Your Horoscope

Horoscope ISSUE 43•50 Dec 11, 2007
  • Your Birthday Today The stars agree—you're getting way too old for all of this shit.
  • Aries Crackling with the warmth of the season, a yuletide fire will quickly consume your helpless flesh.
  • Taurus An attempt to concentrate on more intellectual pursuits will ultimately fail this week, thanks to that shiny thing over there.
  • Gemini Though not a mood ring by design, your wedding band will soon communicate the misery and hopelessness you feel inside.
  • Cancer You'll be brought to your knees this Thursday by nothing more than a severe and irreversible case of gangrene.
  • Leo While you've reasoned your way out of tricky situations before, a crisis this week involving a fox, a chicken, and a bag of feed will leave you completely stumped.

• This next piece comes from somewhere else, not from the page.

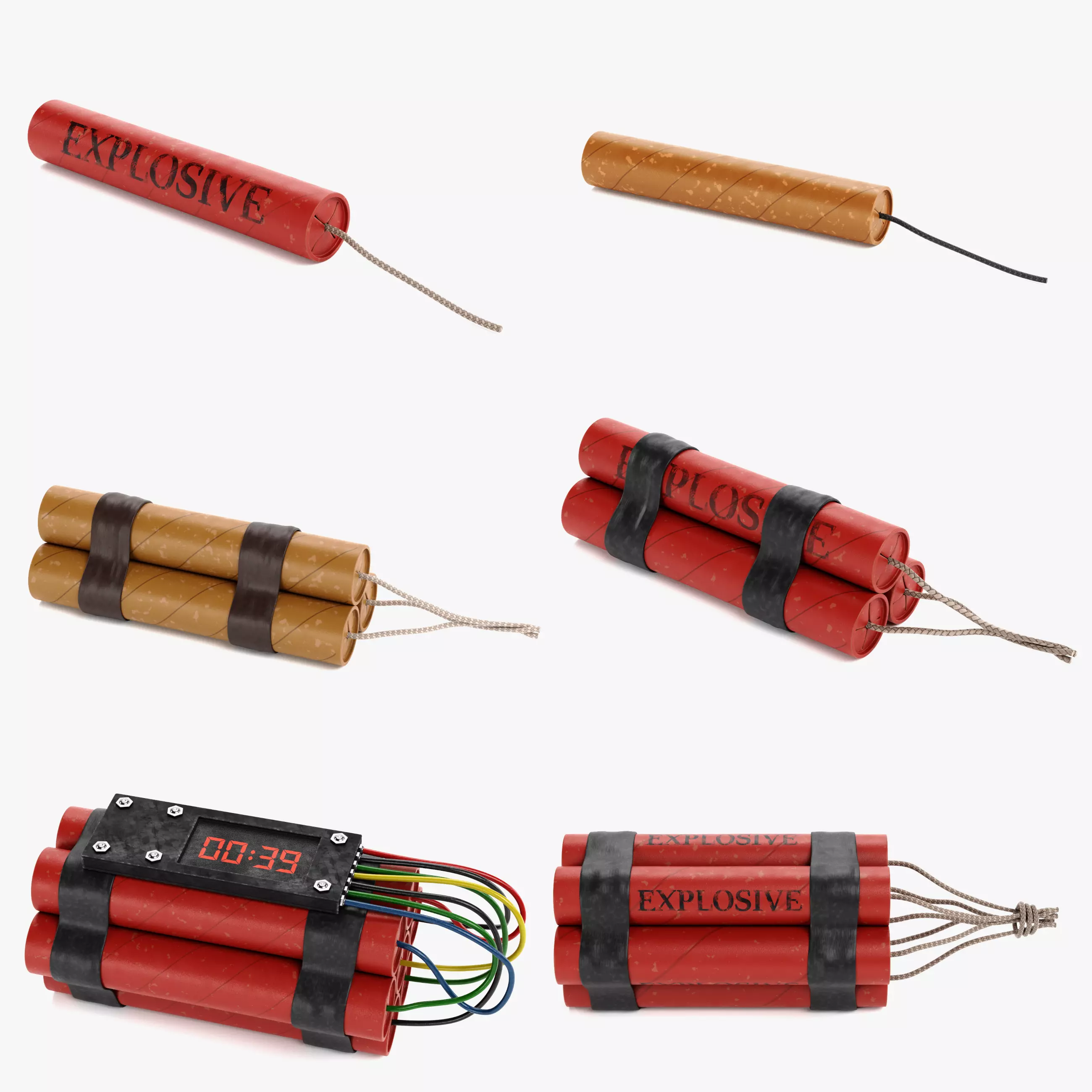 A versatile collection of six dynamite assets covering multiple common explosive configurations, from single sticks to bundled charges and timed setups. The set includes labeled and neutral variants, allowing use across realistic, stylized, or generic scenarios without any specific brand or context lock-in. Clean geometry and clear material definition ensure the props read well both as foreground elements and supporting scene details.

  • Virgo You've never been the type to ask for help. Sadly, though, you've always been the type to beg for it.
  • Libra An engrossing read will soon transport you to a strange and faraway land, leaving you stranded in Harlem after 30 missed stops.
  • Scorpio Your lucky 19th century German-language philosophers for this week are: Heidegger, Nietzsche, Schopenhauer, and Wundt.
  • Sagittarius The National Institute Of Raised Expectations Followed By Disappointing Results will come very close to honoring you this week.
  • Capricorn You never thought having a kid could be so exhausting, but then staying one step ahead of Child Protective Services does take its toll.
  • Aquarius The rise of Venus in your sign can only mean one thing: This will be a great week to read too much into stuff.
  • Pisces Speak directly from the heart this week. Tell your loved one, "Re-circulate the blood! Re-circulate the blood! Re-circulate the blood!"